The Harp was no help. In the back of his mind, it sang: “You must complete me—make me whole once more.”

“How?” asked Anvar.

A shimmering sigh came from the Harp. “I may not tell.”

Anvar looked at the Cailleach, aghast. He knew in his heart that she spoke the truth. He had known it all along. But how to accomplish his task, and win the Harp? Remembering Aurian’s tale of her encounter with the dragon, he asked:

“May I ask questions?”

“No,” the Lady said. “You may not.”

“Then give me time to think.” But for all the churning of Anvar’s restless mind, he could come up with nothing. This was ridiculous, he thought. When Aurian had described her ordeal, it had sounded so much easier than his own!

“Why not give it up?” The Cailleach interrupted his train of thought. “Stay here, instead, and be my love. I can be any woman—all women ...”

Before Anvar’s eyes, she began to change, her flawless features altering, her hair changing color, time after time . . . With a pang like the twinge of an old wound, Anvar saw Sara. He saw Eliseth’s cold and perfect beauty, and saw his mother as Ria must have been in her youth . . . The succession of women went on and on, each more beautiful than the last. Angrily, Anvar turned away. “Stop doing that!” he snapped. “Fair you might be, Lady, but I have no interest in remaining here with you. My heart is already given—elsewhere.”

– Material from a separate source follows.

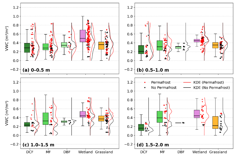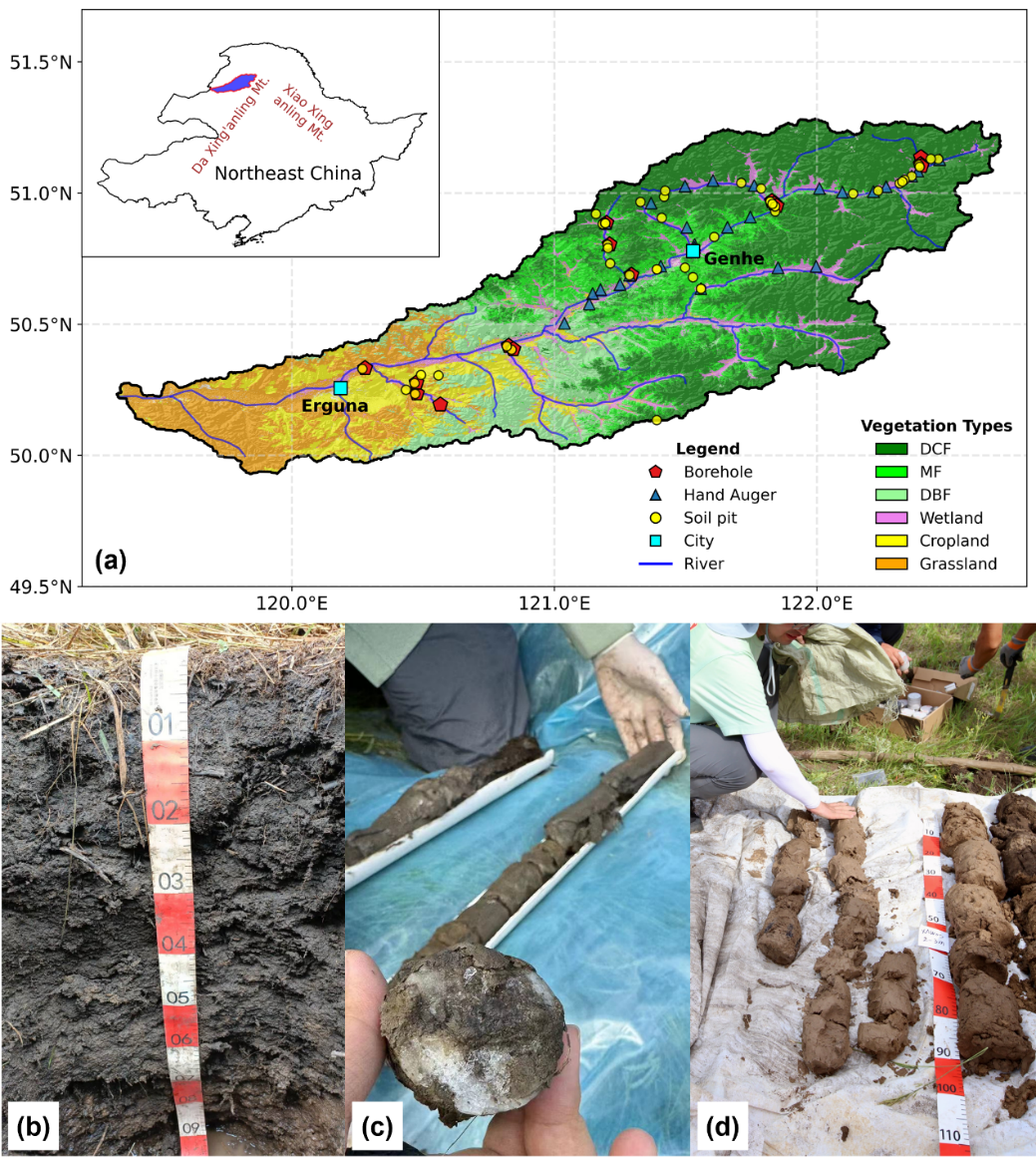 研究團(tuán)隊在根河流域布設(shè)75個淺層土壤剖面和15個深達(dá)20米的鉆孔,獲取了覆蓋森林、草地、濕地等不同下墊面的土壤含水量觀測數(shù)據(jù)。并結(jié)合可解釋機(jī)器學(xué)習(xí)與結(jié)構(gòu)方程模型,系統(tǒng)揭示了邊緣多年凍土區(qū)土壤水分的“垂向分層”特征及其控制機(jī)制。

“Indeed?” the Lady said silkily. “From what I gleaned of your thoughts as you approached the Timeless Lake, your loved one’s heart is also given—and not to you.”

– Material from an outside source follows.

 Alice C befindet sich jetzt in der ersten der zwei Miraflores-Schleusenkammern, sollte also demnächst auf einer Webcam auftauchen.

“That’s a lie!” Anvar cried. “She needs time, that’s all!”

“How much time? A month? A year? Forever? Your Lady is intractable, Anvar, and grief has turned her fey. Can you be certain she will ever betray the memory of her dead lover? And with the one who, indirectly, caused his death?”

The power of the Cailleach’s voice was insidious. Her moonstone eyes held the Mage’s gaze, hypnotic and glittering as a serpent’s stare. He wanted to protest—to deny what she was saying, but he could frame no words, for she had touched with cruel precision on the dark core of doubts in the depths of Anvar’s soul.

“Why risk it, Anvar? Why take such a chance, when I can be everything that Aurian is—and more!” As the Cailleach spoke, she was changing form again—and the Mage found his beloved standing before him. Aurian, as she had been long ago in Nexis, before hardship had made her haggard, and grief and her desire for vengeance had put that steeliness into her gaze. Instead, Anvar found her looking at him—him with an expression in her eyes that had always been reserved for Forral. Anvar tightened his fingers around the frame of the Harp, to stop his hands from shaking. Aurian took a step forward, her arms outstretched to embrace him. “My dearest love ...” she breathed.

“. . . As long as I have you, I have hope.” As the Mage’s last true words to him echoed in Anvar’s mind, the Cailleach’s spell was abruptly broken.

“Get away from me,” snarled the Mage. “What need have I for a shallow substitute, when I have my Lady’s love in reality?”

In a blinding flash, the vision of Aurian vanished. The Cailleach stood before him in the form of an old woman—and to Anvar’s utter amazement, she was smiling. No longer the seductress, no longer a mighty figure of awe and majesty, she looked like a wise and kindly grandmother. “Wizard, you have passed the test,” she said softly. “Indeed you are worthy of the Harp—for only someone with a loving, faithful heart could be trusted to take such power out into the world once more.”